Опера «Вишневый сад» в Париже: потерянный Чехов

В Opеra Garnier состоялась премьера оперы Филиппа Фенелона «Вишневый сад». По мнению французской критики, русские исполнители лучшее, что есть в этой опере
Opera national de Paris/ Andrea Messana

Нет, поверьте, я вовсе не против опуса Фенелона на либретто Алексея Парина. Парин – эрудит, он попытался выстроить действие по законам жанра. Фенелон, один из самых успешных композиторов, работающих сегодня в опере, написал музыку современную, контрастную. И назови они свою фантазию, отдаленно перекликающуюся с пьесой Чехова, как угодно – хоть «Утраченным садом», – все прошло бы довольно удачно.

У французов к «Вишневому саду» отношение совершенно особое. Все сходятся в том, что это абсолютный шедевр, выстроенный с таким совершенством, что больше похож на поэму или музыкальную партитуру.

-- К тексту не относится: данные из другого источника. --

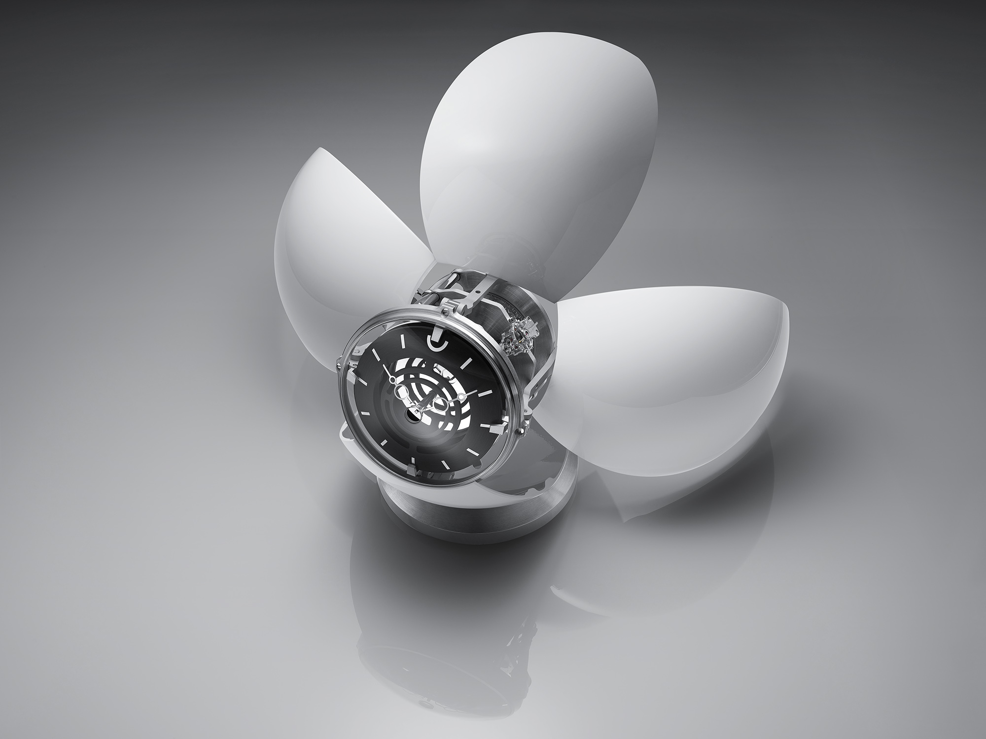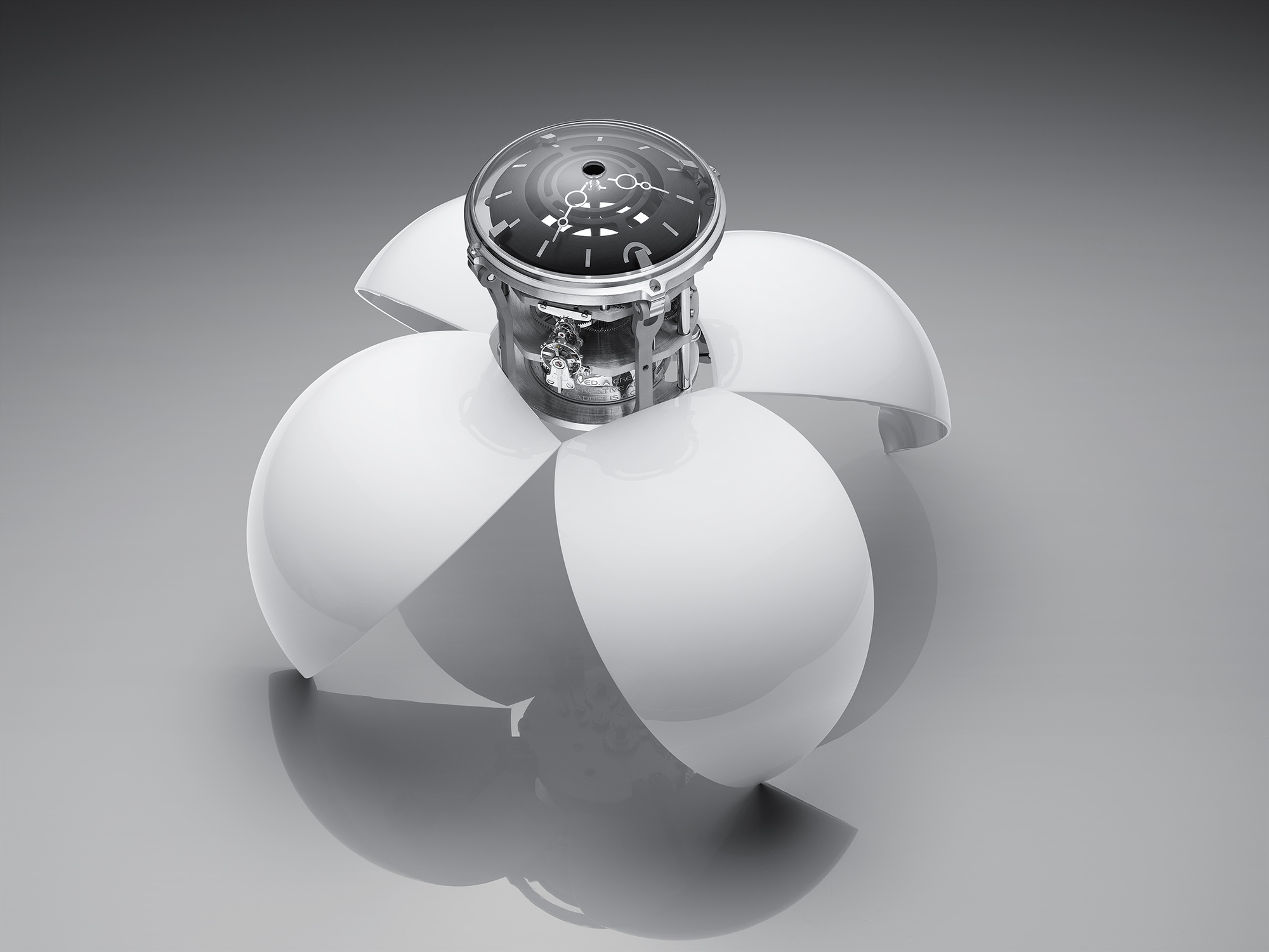 Maertens ha entendido a la perfección el concepto lúdico que esconden todas las referencias de MB&F y lo aplica a MB&F Orb con una estructura movible que permite colocar el reloj de múltiples formas. Se puede poner completamente cerrado sobre el soporte que lo acompaña, inclinado o abierto como si fuera una araña. “Cada cliente es libre de usarlo como quiera. Funciona igual en todas las posiciones”. Para cambiar la imagen del reloj simplemente hay que mover las hojas que protegen el mecanismo. “Están fabricadas en aluminio y sin duda ha sido la más complicado de desarrollar de todo el reloj”, comenta Légeret. Por cierto, el nombre dado por MB&F a estas finas laminas lacadas es élitro, que son las corazas que protegen las alas de ciertos coleópteros como el escarabajo. La inspiración de la naturaleza siempre está presente en las creaciones de la marca.

Потому больше других упреков досталось либреттисту, спрямившему полифонию Чехова: действие всей двухактной оперы заключено в сцене бала из третьего действия, после продажи имения, в которую наплывами вкрапливаются исповеди и воспоминания главных действующих лиц. Понятно, что в такой структуре изначально перечеркивается мотив неопределенности.

Все персонажи чеховской пьесы в либретто укладываются в один характер. Гаев – исключительно комический плейбой Леня, которому дописали бесконечные вспоминания о былых балах и утехах. Раневская – патетическая примадонна по имени Люба, живущая лишь страстью к оставленному парижскому возлюбленному: «Выйду к морю, брошу перстень в воду и косою черной удавлюсь» – текст, кстати, прибавили бунинский, но ничего более противоположного стилю Чехова, чуждого любому пафосу, и придумать было невозможно, хотя греческая сопрано Елена Келесиди, по общему признанию, пела замечательно. В других же партиях хороши российские певцы Анна Крайникова, Александра Кадурина и Марат Гали.

Невнятной вышла театральная концепция знаменитого режиссера Жоржа Лаводана. Его же «Вишневый сад», поставленный восемь лет назад в Одеоне, остался в памяти как одно из главных чеховских событий десятилетия – сада в том спектакле не было, только ослепительно белый цвет и абстрактное пустое пространство рифмовались с поэзией Чехова. Теперь тот же сценограф Жан-Пьер Вержье придумал обрамить сцену бала массивными, мощными стволами деревьев.

В этих давящих декорациях, которые французские критики язвительно назвали «садом в окрестностях Чернобыля», музыке явно не хватает свободного дыхания. Действие оперы строго привязано к определенному времени и месту: каждая сцена заключается хором девушек в сарафанах и кокошниках, названных композитором «душой дома» (парафраз хора крестьянок, собирающих ягоды, из «Онегина»), которые душевно поют песни на стихи поэтов Серебряного века и русские песни, написанные Фенелоном на манер народных.

«Там, в саду, ходят все, кого мы любим» – этот намек либреттиста режиссер развил до бесконечности. Здесь являются не только родители барыни и отец Лопахина, но также классическая балерина в пачке. И еще гурьбой перемещаются офицеры в старинных мундирах, красиво припорошенных серебристой пылью в тон декорации. В противоположность партитуре на сцене царствует несколько приземленный реализм, который преодолевается только в онирических видениях ожившего сына Раневской Гриши, напоминающего отрока с картины Нестерова, да в буффонных выпадах трансвестита Шарлотты – баса Миши Шеломянского.

В общем, вещица вышла в меру шаловливая, в меру драматичная.